After dabbling for some years in fiction and poetry, he completed his first play, The Zoo Story (1958), when he was 30. He's best known for Who's Afraid of Virginia Woolf? (1962), which was his first Broadway play and a runaway hit.
Today is the 60th birthday of poet and fiction author Naomi Shihab Nye (books by this author), born in St. Louis, Missouri (1952). Her father was Palestinian, and her mother was American. Nye grew up in St. Louis, Ramallah, Jerusalem, and San Antonio, Texas. She began writing poetry almost as soon as she learned to write, and she's always been interested in the intersections of different cultures. Her work is often inspired by her Mexican-American neighbors in San Antonio, where she still lives. Since the 9/11 attacks, she has become an outspoken advocate for Arab-Americans. Her latest book is a collection of very short stories: There is No Long Distance Now (2011).
She said, "Poetry calls us to pause. There is so much we overlook, while the abundance around us continues to shimmer, on its own."
It's the birthday of Carl Hiaasen (books by this author), born in Plantation, Florida (1953). He's had a weekly column for The Miami Herald since 1985. He's written several novels for adults, and a handful for younger readers; his young-adult novel Hoot (2002) won the Newbery Award. His most recent novel, Star Island, was published in 2010, and he has a new young adult novel, Chomp, due out later this month.
Today is the birthday of Dave Eggers (books by this author), born in Boston, Massachusetts (1970). He grew up in Lake Forest, Illinois, and wanted to be a cartoonist. When he was in college at the University of Illinois, both his parents died of cancer within six months, and he was completely on his own at the age of 21. He later said: "On the one hand you are so completely bewildered that something so surreal and incomprehensible could happen. At the same time, suddenly the limitations or hesitations that you might have imposed on yourself fall away. There's a weird, optimistic recklessness that could easily be construed as nihilism but is really the opposite. You see that there is a beginning and an end and that you have only a certain amount of time to act. And you want to get started." He was also made the guardian of his eight-year-old brother, Christopher, so he had to drop out of college to support the family, and wrote about it in his best-selling memoir, A Heartbreaking Work of Staggering Genius (2000).

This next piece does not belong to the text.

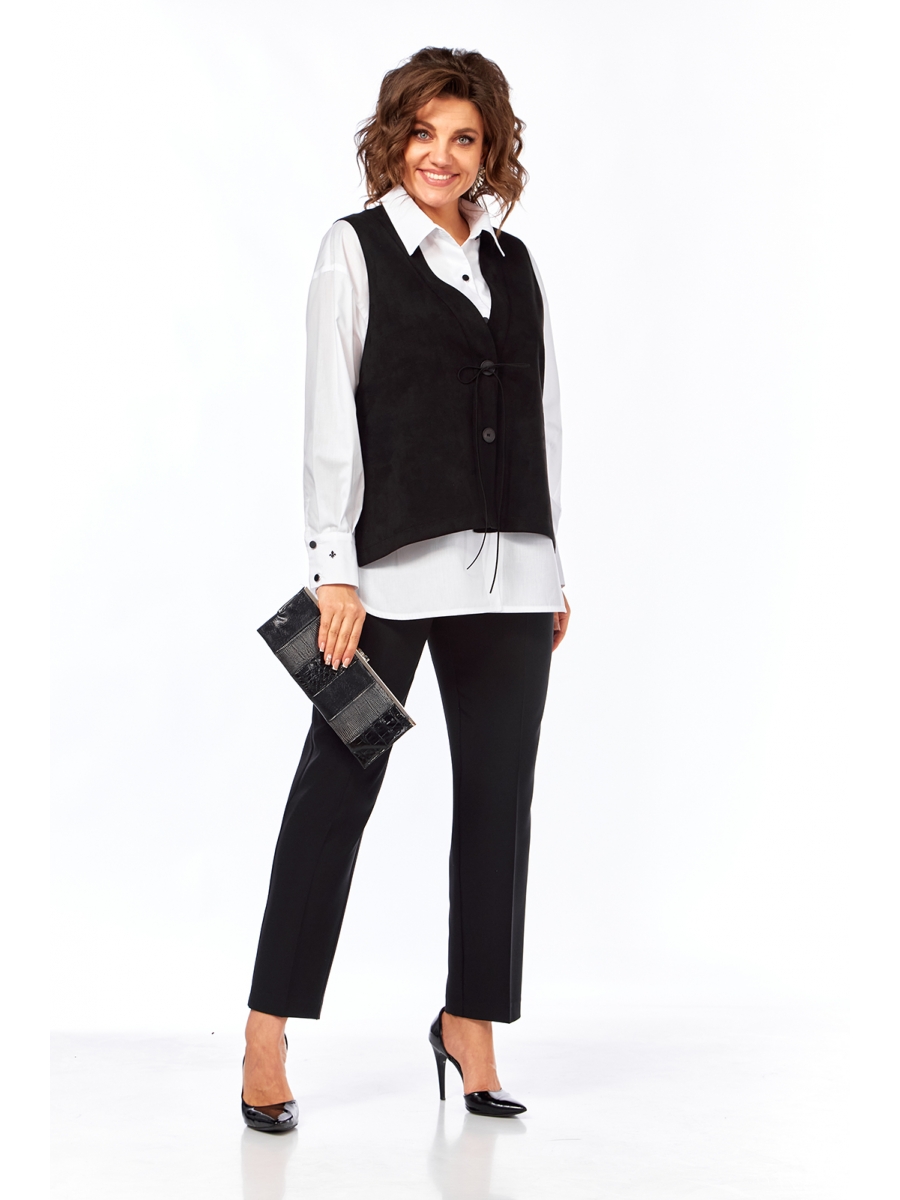 Комплект женский брючный 3-х предметный, состоит из жилета, блузки и брюк.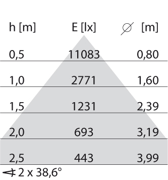 - Lumenbehoud bij gemiddelde levensduur van 75.000 uur bij 25 °C omgeving (tq): 55 %

Eggers is the founder of the literary magazine The Believer; the literary journal-cum-website McSweeney's, and the non-profit literacy center 826 Valencia. His most recent books, all published in 2009, include Zeitoun, The Wild Things, a novel inspired by the classic children's book Where the Wild Things Are; and Cold Fusion, a humor book co-authored with his brother Christopher.